Così adesso, oltre all’acqua piovana, ho finalmente cominciato a utilizzare un’altra delle risorse che “mi piovono addosso”: l’energia del sole. C’è ancora un non trascurabile numero di cose da fare prima di poter definire la mia casa “ecosostenibile” ma questo tassello, intanto, è andato al suo posto.
Come funziona l’impianto? Il fotovoltaico fa egregiamente il suo dovere e in due mesi di attività ha già prodotto 354 KWh. Le pompe di calore funzionano anch’esse molto bene e riscaldano gli ambienti con un consumo relativamente contenuto, tanto più accettabile visto che adesso l’energia non proviene da una fonte fossile. L’impianto termico mostra un po’ dei limiti nelle giornate di cielo coperto quando per scaldare i 150 litri di acqua contenuti nel suo boiler ha bisogno dell’aiuto di una resistenza elettrica, venendo così a funzionare come uno scaldabagno elettrico. Questo non va molto bene, tanto che sto pensando di riattivare un piccolo scaldabagno elettrico da 30 litri da usare in queste giornate dato che per riscaldare 30 litri ci vuole meno energia che per riscaldarne 150 (oltre tutto utilizzati quasi sempre solo in parte) e che, trovandosi esso in casa, è meno esposto al freddo notturno e dunque conserva meglio il calore. Non trovo ideale questa soluzione ma, essendo la mia casa priva di un impianto di riscaldamento ad acqua, essa è per ora quanto di meglio io possa concretamente attuare.

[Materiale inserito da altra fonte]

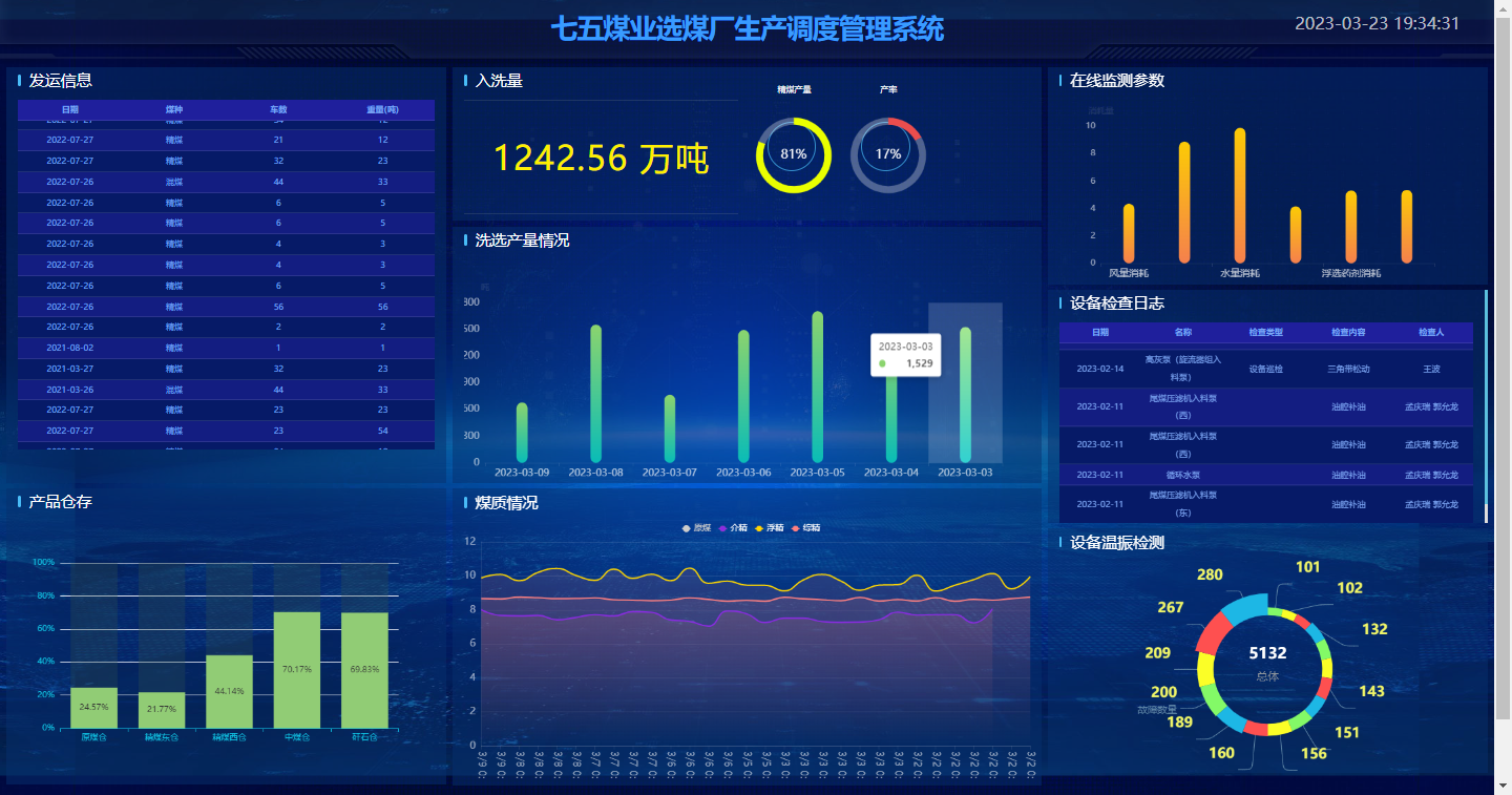 (2)子平台:聚焦各选煤厂生产场景,实时采集生产、设备、能耗、安全等数据,支撑厂区精细化管理,同时向总平台同步关键信息,形成 “厂区联动、上下协同” 的管理闭环。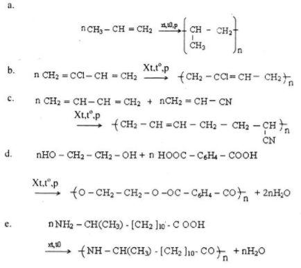 Viết phương trình phản ứng polime hóa các monome sau và cho biết chúng thuộc loại phản ứng trùng hợp hay trùng ngưng.

E il mondo esterno? Come funziona il mondo esterno? Ovvero il mondo degli incentivi e dello scambio sul posto? Per gli incentivi, ovvero il conto energia, staremo a vedere. Per lo scambio sul posto, ho saputo dalla ditta che ha effettuato l’installazione che, mentre l’ENEL fattura nelle sue bollette le solite tariffe per l’energia prelevata dalla rete, il GSE paga l’energia immessa secondo una tariffa decurtata. Perché? Per le spese di trasporto dell’energia. Spese di trasporto? Ma lo scambio non è “sul posto”? Cosa c’entra il trasporto? La faccenda, mi dice il tecnico installatore, non è chiara e “qualcosa dovrà succedere”. Nel frattempo mi consiglia di gestire i consumi in modo da scambiare “sul posto” il meno possibile, ovvero consumare di più nei momenti in cui l’impianto produce di più. In tal modo l’energia consumata è quella prodotta localmente, senza scambi con la rete e senza che intervengano giochi di prestigio monetari. Il consiglio è in perfetta assonanza con i miei principi e dunque mi ci attengo per tutti gli usi in cui è possibile. In attesa che il mondo cambi.